Note also that the only reason you may mutate simpleDescription is because you know your a is of type SimpleClass. If we have a variable of type ExampleProtocol instead...
var a: ExampleProtocol = SimpleClass()
a.simpleDescription = "newValue" //Not allowed!
Protocols place requirements on object's interface, but do not restrict implementation from providing more operations than that.
In this example, the protocol requires a readable simpleDescription property and adjust() method. The class provides that, so it conforms to the protocol. In other words, this protocol says implementation must have get operation, but it does not prohibit them from also having set.
You will not be able to mutate simpleDescription via that protocol interface, because it does not provide such operation, but nothing prevents you from mutating it through different interface — in this example, the interface of the implementing class.
Found this and thought it may be of interest in addition to the excellent answer already provided:
If a protocol requires a property to be gettable and settable, that property requirement cannot be fulfilled by a constant stored property or a read-only computed property. If the protocol only requires a property to be gettable, the requirement can be satisfied by any kind of property, and it is valid for the property to be also settable if this is useful for your own code.

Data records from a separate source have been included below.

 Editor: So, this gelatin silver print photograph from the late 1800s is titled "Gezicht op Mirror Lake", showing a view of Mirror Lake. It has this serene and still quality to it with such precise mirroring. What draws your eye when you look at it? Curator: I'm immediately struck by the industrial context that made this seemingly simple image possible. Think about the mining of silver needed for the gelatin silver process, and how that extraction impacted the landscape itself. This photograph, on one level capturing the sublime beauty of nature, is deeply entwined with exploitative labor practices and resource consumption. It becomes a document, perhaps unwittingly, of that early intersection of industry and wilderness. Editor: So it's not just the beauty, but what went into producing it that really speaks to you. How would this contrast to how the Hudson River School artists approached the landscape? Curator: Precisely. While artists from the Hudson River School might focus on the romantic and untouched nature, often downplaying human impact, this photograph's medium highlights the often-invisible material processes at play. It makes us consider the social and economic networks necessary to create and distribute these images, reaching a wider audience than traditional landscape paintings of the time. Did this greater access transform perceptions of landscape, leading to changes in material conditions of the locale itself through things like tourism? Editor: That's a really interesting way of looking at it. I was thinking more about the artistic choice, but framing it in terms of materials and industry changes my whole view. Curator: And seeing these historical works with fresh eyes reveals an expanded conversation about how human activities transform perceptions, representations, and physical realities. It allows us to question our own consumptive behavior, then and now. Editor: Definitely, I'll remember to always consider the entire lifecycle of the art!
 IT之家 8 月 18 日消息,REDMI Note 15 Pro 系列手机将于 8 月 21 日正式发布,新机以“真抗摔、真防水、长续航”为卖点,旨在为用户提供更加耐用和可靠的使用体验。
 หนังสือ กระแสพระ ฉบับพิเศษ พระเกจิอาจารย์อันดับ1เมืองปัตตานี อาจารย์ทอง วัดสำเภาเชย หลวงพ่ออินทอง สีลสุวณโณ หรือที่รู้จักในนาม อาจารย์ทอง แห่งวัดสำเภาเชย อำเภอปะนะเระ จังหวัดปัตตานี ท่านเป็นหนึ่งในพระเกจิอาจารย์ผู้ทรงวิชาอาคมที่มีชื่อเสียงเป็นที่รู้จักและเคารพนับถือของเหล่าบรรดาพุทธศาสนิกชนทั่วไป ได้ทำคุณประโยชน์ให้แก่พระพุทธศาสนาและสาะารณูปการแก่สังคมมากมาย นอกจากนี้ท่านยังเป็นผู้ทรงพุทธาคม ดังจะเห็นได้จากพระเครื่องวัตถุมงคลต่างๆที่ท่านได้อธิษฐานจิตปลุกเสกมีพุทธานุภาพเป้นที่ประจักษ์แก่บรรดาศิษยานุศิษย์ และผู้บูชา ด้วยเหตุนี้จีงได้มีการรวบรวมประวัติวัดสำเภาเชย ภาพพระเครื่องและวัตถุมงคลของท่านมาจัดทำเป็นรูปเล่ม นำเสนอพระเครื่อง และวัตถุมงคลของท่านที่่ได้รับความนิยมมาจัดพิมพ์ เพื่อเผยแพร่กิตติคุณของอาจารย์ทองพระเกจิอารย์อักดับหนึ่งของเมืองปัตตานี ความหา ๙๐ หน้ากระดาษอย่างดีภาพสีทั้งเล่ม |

Excerpt From: Apple Inc. “The Swift Programming Language (Swift 2.2).” iBooks. https://itun.es/us/jEUH0.l
Related
I'm following a tutorial on the protocol oriented programming paradigm in which I'm confused by something I thought was rather simple which is read only properties of protocols or getters and setters. My understanding is that a read only property is signified by using the keyword 'get' when declaring a variable within a protocol. I was excited so I quickly coded created a playground to see if my thinking was accurate however it appears that I can still change the property which I thought was read only. What am I doing wrong to make it a true read only property to where I can't set it?
protocol FullName {
var firstName: String {get set}
var lastName: String {get set}
var readOnlyProperty: String {get}
}
struct OuttaBeerOuttaHere: FullName {
var firstName: String
var lastName: String
var readOnlyProperty: String = "Jack! Jack!...Line from Titanic"
}
var leonardoDicaprio = OuttaBeerOuttaHere.init(firstName: "Leonardo", lastName: "Dicaprio", readOnlyProperty: "WTF")
print(leonardoDicaprio.readOnlyProperty) //prints "WTF"
leonardoDicaprio.readOnlyProperty = "what now"
print(leonardoDicaprio.readOnlyProperty) //prints "what now"
What am I doing wrong to make it a true read only property to where I can't set it?
There is a difference between a protocol (a set of rules) and the type (i.e. your struct) that adopts the protocol.
Your protocol rule says that readOnlyProperty should be readable.
Your struct obeys by making it readable, and also makes it writable. That is not illegal, so all is well — and readOnlyProperty in your struct is read-write.
What would have been illegal would be the inverse, i.e. for the protocol to declare a property read-write but the adopter to declare it read-only. That situation didn't arise in your example, but if it had, the compiler would have stopped you.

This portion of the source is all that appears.